Appendix 1
About synthetic health data
Synthetic data is generated to resemble real health data in structure and statistical properties—without being direct copies of individual records. It can enable safer analysis, development, and testing when used within strong governance.
What it is
Data generated from a model trained on real records to preserve useful patterns while reducing direct privacy risk.
What it’s for
Education, software testing, interoperability checks, prototyping, and analytics workflows where record-perfect truth isn’t required.
What it isn’t
A drop-in replacement for clinical truth datasets—overfitting and leakage can still occur, and quality/privacy testing remains essential.
How synthetic health data is made
At a high level, three pieces come together: a source dataset, a generative model, and the resulting synthetic dataset. The goal is to emulate statistical properties without recreating real people.
1) Source dataset
Real records used to learn distributions and relationships. Even without direct identifiers, quasi-identifiers and rich event data can make people identifiable in context.
2) Generative model
Learns patterns from the source data. Model choice and training approach affect both utility (how realistic) and privacy (how much leakage risk).
3) Synthetic dataset
New records for “synthetic individuals”. If correlations are simplified, privacy improves but some use cases become unsuitable.
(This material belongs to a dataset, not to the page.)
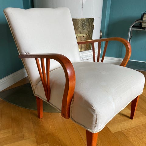 Välvårdad karmstol/fåtölj från troligt 1960-tal. Stomme i vackert betsat trä och originalklädsel i gammalrosa sammet/plysch. Lösa kuddar med knappar. Stabil och bekväm.

Privacy protection vs data utility
Preserving more detailed correlations can improve realism and usefulness, but may increase re‑identification risk—especially for rare combinations or unique trajectories. Trade-offs must be explicit and justified by the use case.
Example
If a model preserves the overall caesarean rate but not its correlation with sex, you may see implausible records (e.g., caesareans for male patients). That can be acceptable for interface training, but unsuitable for clinical hypothesis testing.
Governance is still required
Synthetic data can reduce risk, but it doesn’t remove legal obligations by default. Test re‑identification risk and, if it’s more than very low, treat outputs as personal information and apply a lawful pathway before use or sharing.
Where this fits in the Framework
This appendix provides plain-language context that underpins Steps 1–5, and complements the specialised guidance in Appendices 3, 7, 8, and 9.